- **The task**:
Strip out the pictures and output each remaining line of the data word for word.

━━━ Raw data ━━━

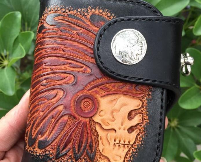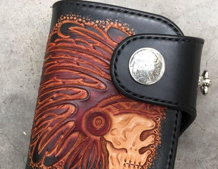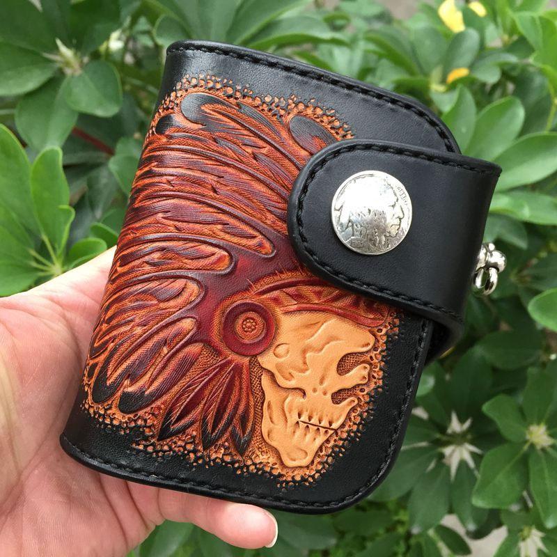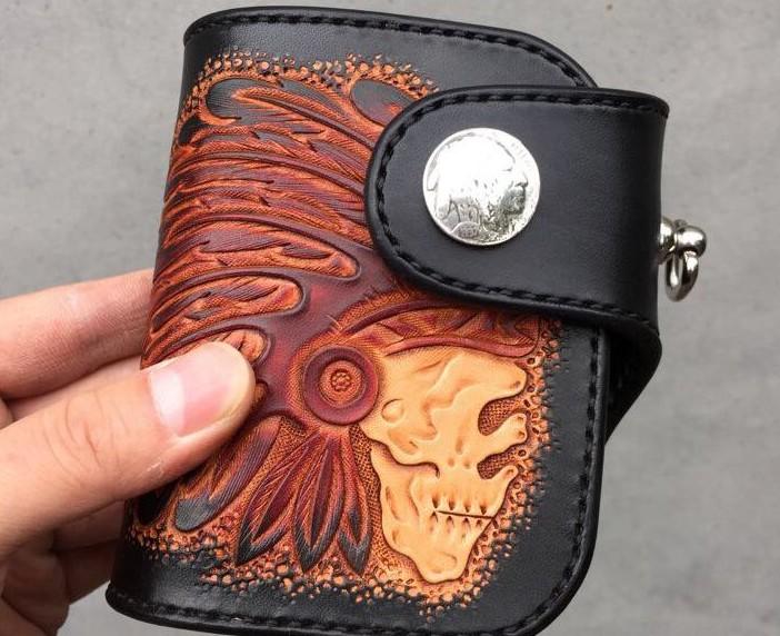 Design: Handmade Leather Tooled Skull Indian Chief Biker Wallet Mens Cool billfold Chain Wallet Trucker Wallet with Chain
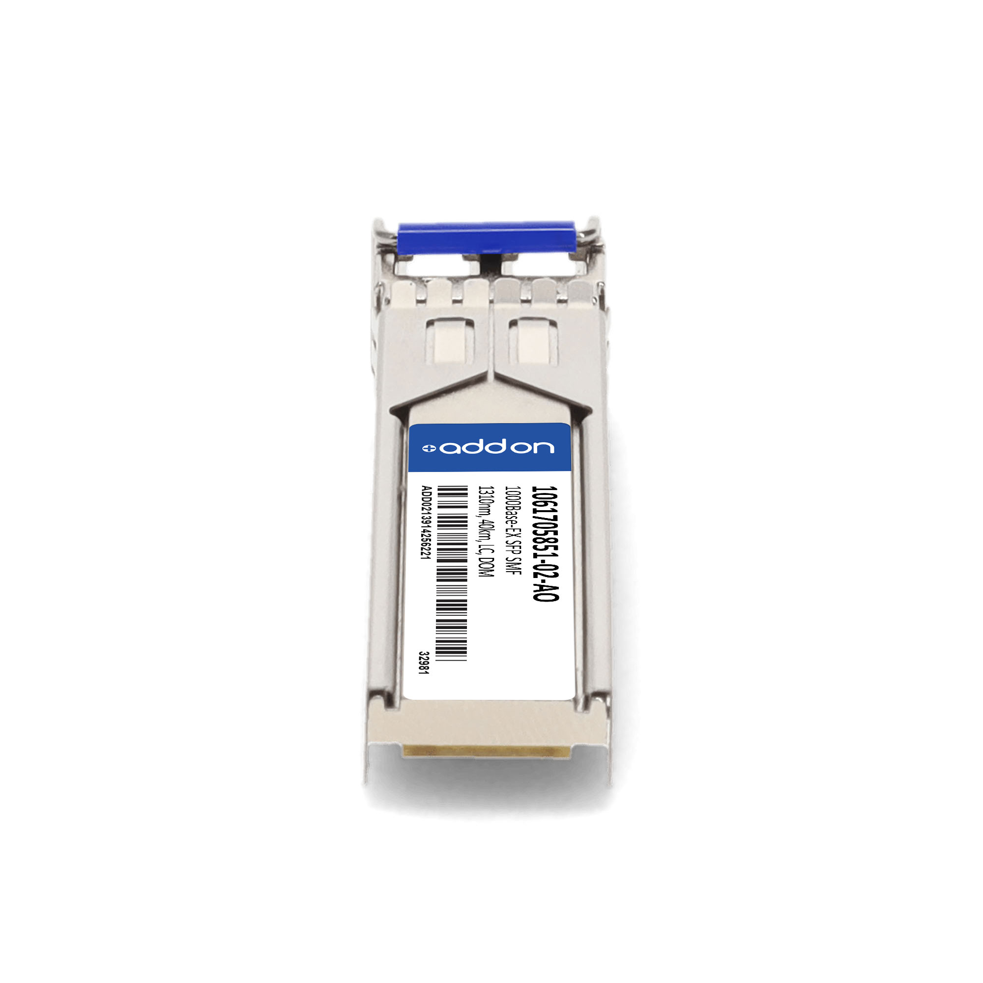AddOn Networks ADVA 1061705851-02 Compatible TAA 1000Base-EX SFP Transceiver (SMF, 1310nm, 40km, LC, DOM). SFP transceiver type: Fiber optic, Maximum data transfer rate: 1000 Mbit/s, Interface type: SFP. Form factor: SFP, Brand compatibility: ADVA. Compliance certificates: Trade Agreements Act (TAA). Quantity per pack: 1 pc(s). Package width: 70 mm, Package depth: 121 mm, Package height: 30 mm
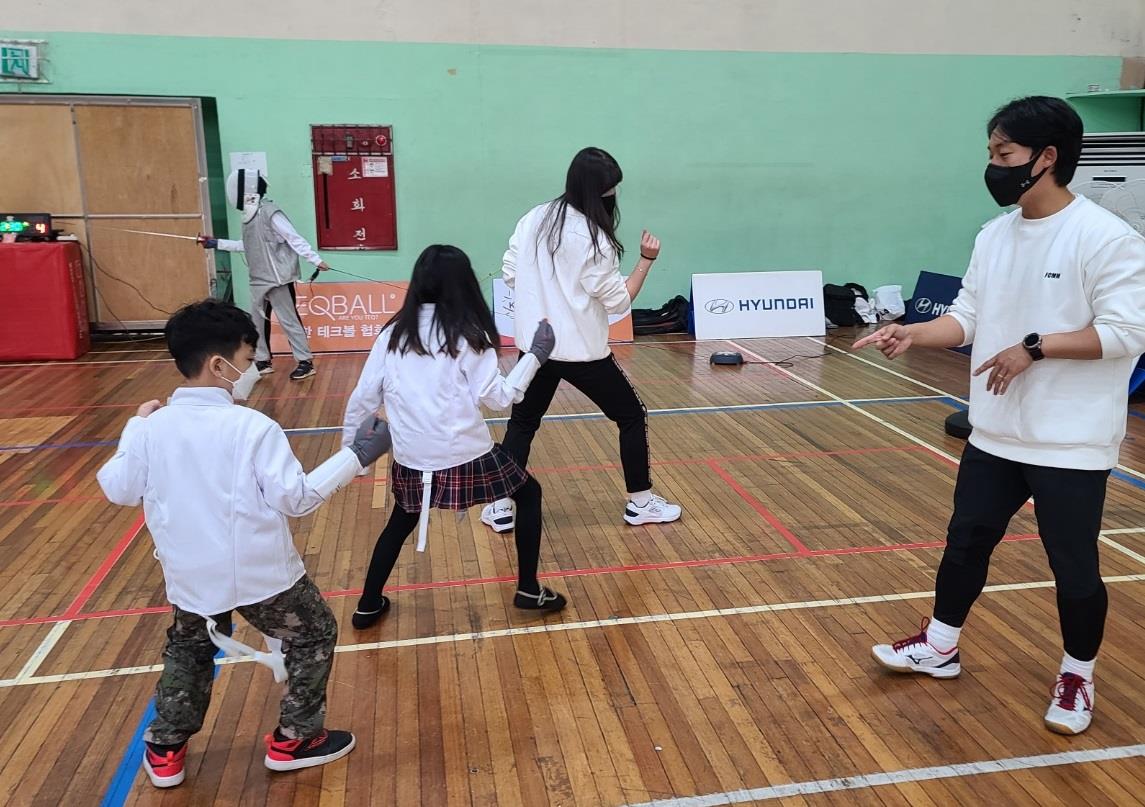선수 출신 강사가 펜싱 종목별 이론과 동작 교육, 실전 대련까지
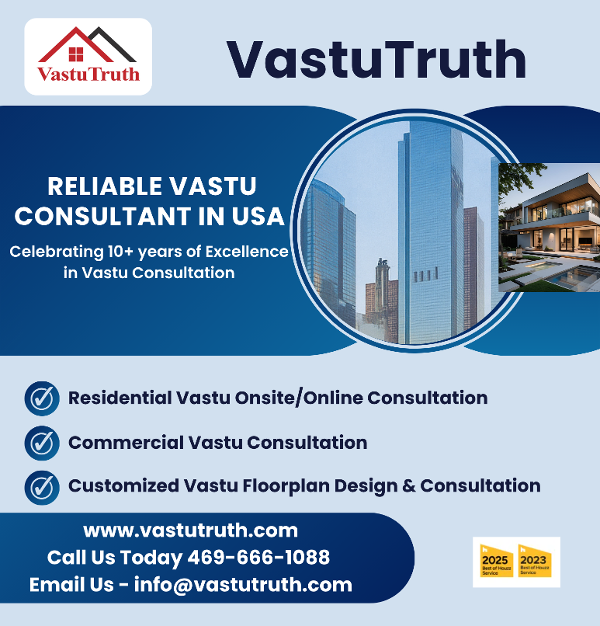 VastuTruth.com offers expert, science-based Vastu Consulting for homes, offices, and businesses across USA and Canada, with both onsite and online options for your convenience. VastuTruth is led by a highly experienced consultant living in USA for over 3 decades with a strong engineering and scientific background, bringing analytical rigor to every Vastu evaluation. Extensive experience with 9,000+ Vastu consultations across the USA has shaped deep practical expertise in residential, commercial, and builder-focused Vastu solutions. We are available from 8am to 6pm, seven days a week.
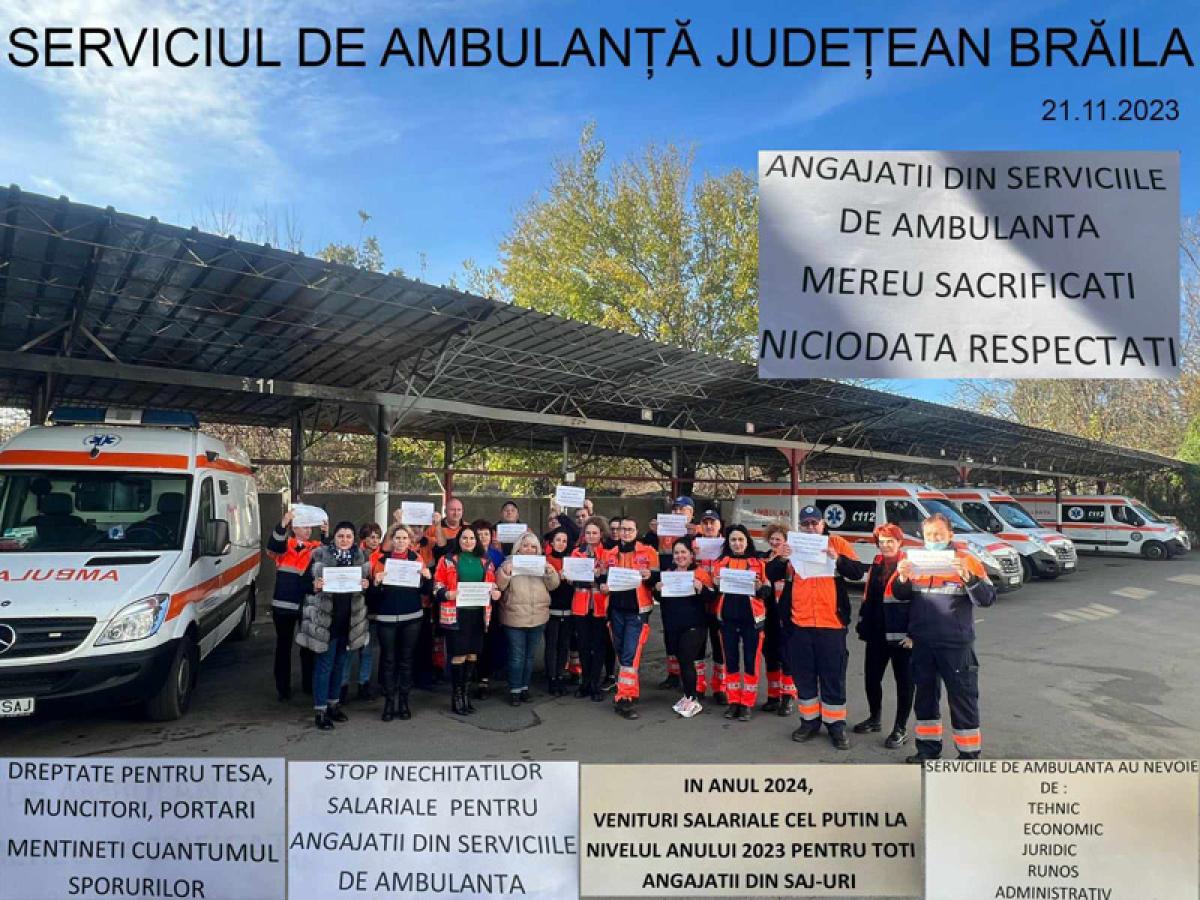 Angajații de la Serviciul de Ambulanță Județean Brăila au dat startul protestelor, pentru acordarea drepturilor legale cuvenite. Liderul sindical de la SAJ Brăila, Dragomir Valentin – asistent medical, este în greva foamei la București, alături de alți patru reprezentanți din țară.
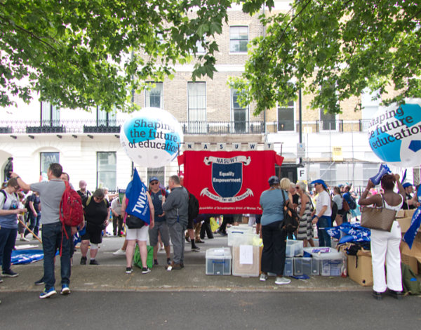 I take the underground train to Great Portland Street to experience the atmosphere from the beginning. The demonstration is pulling up its socks and lacing up its boots. A man with a black t-shirt with white lettering. ‘Become ungovernable’. An assumption, based on the jaunty angle of his pork pie hat, makes me think he already is. A group of people wearing t-shirts with the slogan, ‘Value Education: Value the Educators’. An Asian woman with long black hair holding a placard which demands ‘CUT WAR NOT WELFARE’.
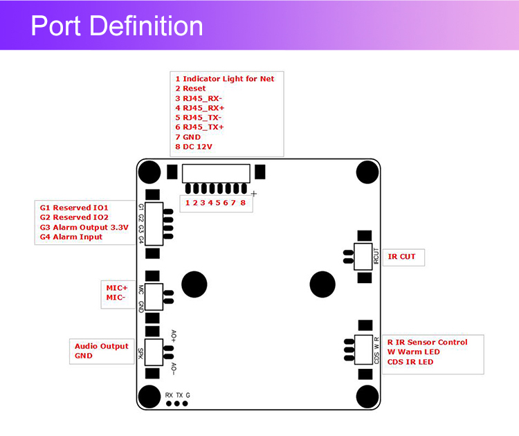 IO Function | IR CUT, 1CH RESET, Alarm In, Alarm Out | |
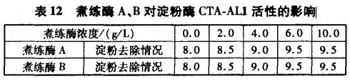 由表l2可以看出,煮練酶A和煮練酶B對淀粉酶CTA-ALl的退漿效果有促進作用,這說明它們對淀粉酶的活性沒有負面影響。
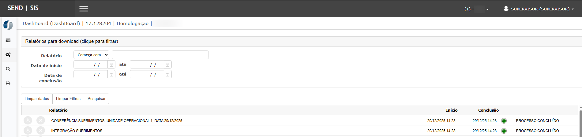 O relatório Integração Suprimentos apresenta o detalhamento completo da integração realizada.
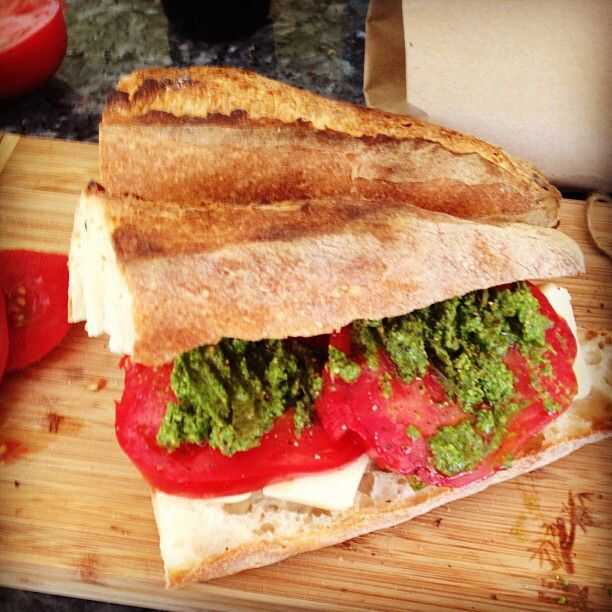este pesto es lo que puse en mis verduras al vapor. El uso de albahaca, de la tienda o su jardín de hierbas, es un increíble complemento para casi cualquier verdura.La receta es una variación de una receta en el Recetario de dieta South Beach (tomat
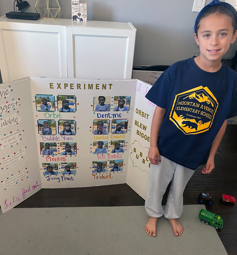 “Scientists Can Do Virtually Anything!” was the theme for the 2021 virtual Science Fun Fair at Mountain Avenue Elementary School. The Science Fun Fair family night was held via a Zoom webinar the evening of Feb. 26. Over 100 students in grades transitional kindergarten through sixth submitted projects by recording videos of themselves explaining or demonstrating their science fair project. Videos were uploaded to Flipgrid for the students, classes, and families to view all the science project videos.
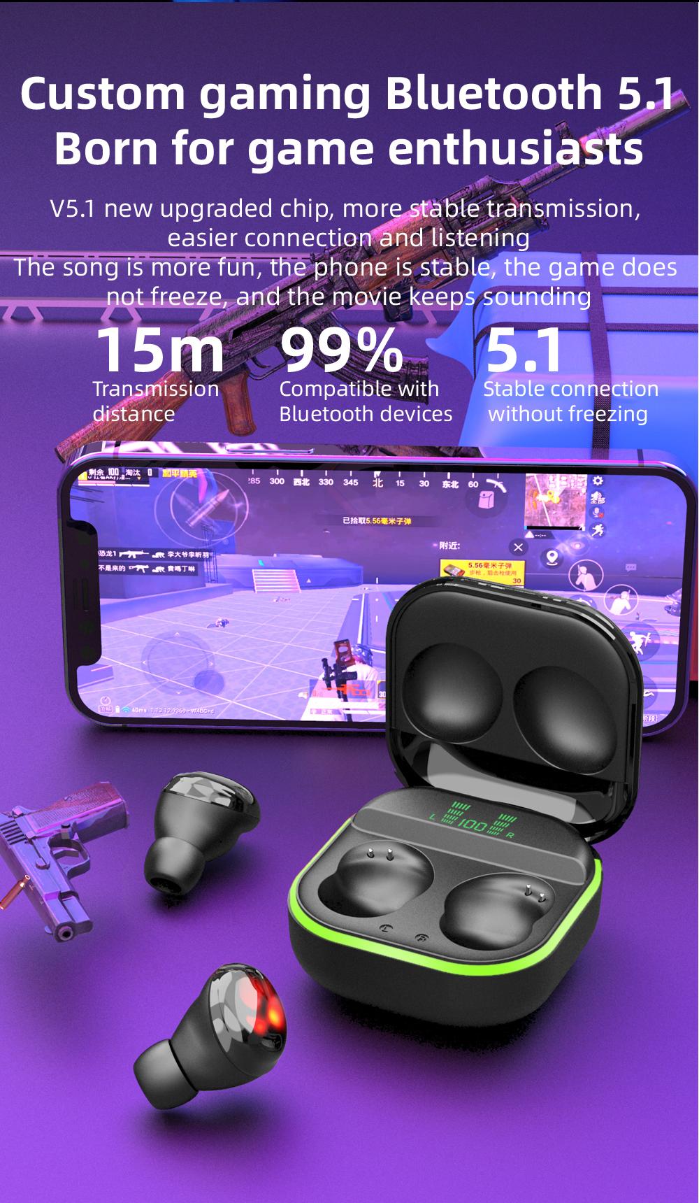 ✨CINCATDY Tai Nghe Bluetooth Earbuds Gaming Headset True Wireless Headphone Dock Sạc có Led Báo Pin Kép S190
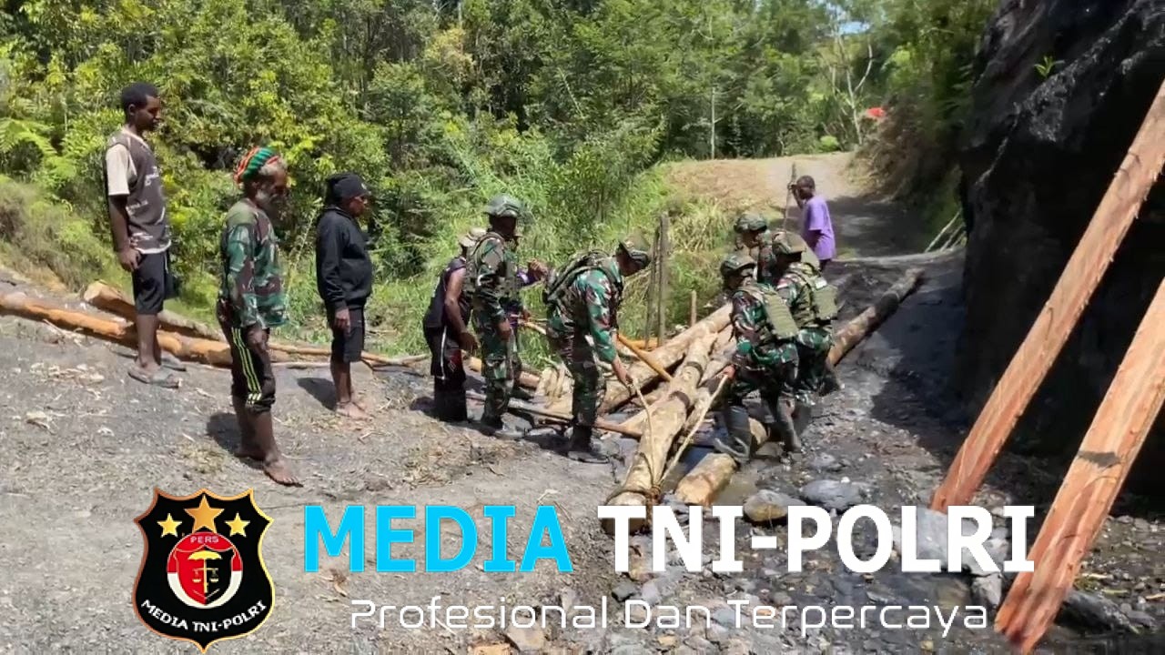 MAMBERAMO TENGAH // MEDIATNI-POLRI.COM / TNI (Tentara Nasional Indonesia) bersama warga di wilayah Papua bergotong royong membangun jembatan darurat tradisional.
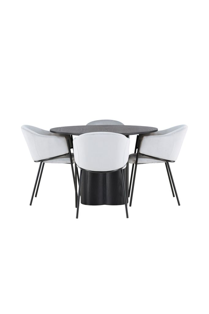 Här i snygg kombination med gråa matstolar från Evelina-serien. Stolen har en modern och stilren design som inte bara ser fantastisk ut utan också är otroligt bekväm. Den helklädda sitsen erbjuder en hög grad av komfort, medan det rundade ryggstödet i ljusgrått sammetstyg ger en extra touch av elegans. Den minimalistiska benstommen i svart stål ger också bra stabilitet till helhetsintrycket!

━━━

- **The completed task**:
 Design: Handmade Leather Tooled Skull Indian Chief Biker Wallet Mens Cool billfold Chain Wallet Trucker Wallet with Chain
AddOn Networks ADVA 1061705851-02 Compatible TAA 1000Base-EX SFP Transceiver (SMF, 1310nm, 40km, LC, DOM). SFP transceiver type: Fiber optic, Maximum data transfer rate: 1000 Mbit/s, Interface type: SFP. Form factor: SFP, Brand compatibility: ADVA. Compliance certificates: Trade Agreements Act (TAA). Quantity per pack: 1 pc(s). Package width: 70 mm, Package depth: 121 mm, Package height: 30 mm
선수 출신 강사가 펜싱 종목별 이론과 동작 교육, 실전 대련까지
 VastuTruth.com offers expert, science-based Vastu Consulting for homes, offices, and businesses across USA and Canada, with both onsite and online options for your convenience. VastuTruth is led by a highly experienced consultant living in USA for over 3 decades with a strong engineering and scientific background, bringing analytical rigor to every Vastu evaluation. Extensive experience with 9,000+ Vastu consultations across the USA has shaped deep practical expertise in residential, commercial, and builder-focused Vastu solutions. We are available from 8am to 6pm, seven days a week.
 Angajații de la Serviciul de Ambulanță Județean Brăila au dat startul protestelor, pentru acordarea drepturilor legale cuvenite. Liderul sindical de la SAJ Brăila, Dragomir Valentin – asistent medical, este în greva foamei la București, alături de alți patru reprezentanți din țară.
 I take the underground train to Great Portland Street to experience the atmosphere from the beginning. The demonstration is pulling up its socks and lacing up its boots. A man with a black t-shirt with white lettering. ‘Become ungovernable’. An assumption, based on the jaunty angle of his pork pie hat, makes me think he already is. A group of people wearing t-shirts with the slogan, ‘Value Education: Value the Educators’. An Asian woman with long black hair holding a placard which demands ‘CUT WAR NOT WELFARE’.
 IO Function | IR CUT, 1CH RESET, Alarm In, Alarm Out | |
 由表l2可以看出,煮練酶A和煮練酶B對淀粉酶CTA-ALl的退漿效果有促進作用,這說明它們對淀粉酶的活性沒有負面影響。
 O relatório Integração Suprimentos apresenta o detalhamento completo da integração realizada.
este pesto es lo que puse en mis verduras al vapor. El uso de albahaca, de la tienda o su jardín de hierbas, es un increíble complemento para casi cualquier verdura.La receta es una variación de una receta en el Recetario de dieta South Beach (tomat
 “Scientists Can Do Virtually Anything!” was the theme for the 2021 virtual Science Fun Fair at Mountain Avenue Elementary School. The Science Fun Fair family night was held via a Zoom webinar the evening of Feb. 26. Over 100 students in grades transitional kindergarten through sixth submitted projects by recording videos of themselves explaining or demonstrating their science fair project. Videos were uploaded to Flipgrid for the students, classes, and families to view all the science project videos.
 ✨CINCATDY Tai Nghe Bluetooth Earbuds Gaming Headset True Wireless Headphone Dock Sạc có Led Báo Pin Kép S190
 MAMBERAMO TENGAH // MEDIATNI-POLRI.COM / TNI (Tentara Nasional Indonesia) bersama warga di wilayah Papua bergotong royong membangun jembatan darurat tradisional.
 Här i snygg kombination med gråa matstolar från Evelina-serien. Stolen har en modern och stilren design som inte bara ser fantastisk ut utan också är otroligt bekväm. Den helklädda sitsen erbjuder en hög grad av komfort, medan det rundade ryggstödet i ljusgrått sammetstyg ger en extra touch av elegans. Den minimalistiska benstommen i svart stål ger också bra stabilitet till helhetsintrycket!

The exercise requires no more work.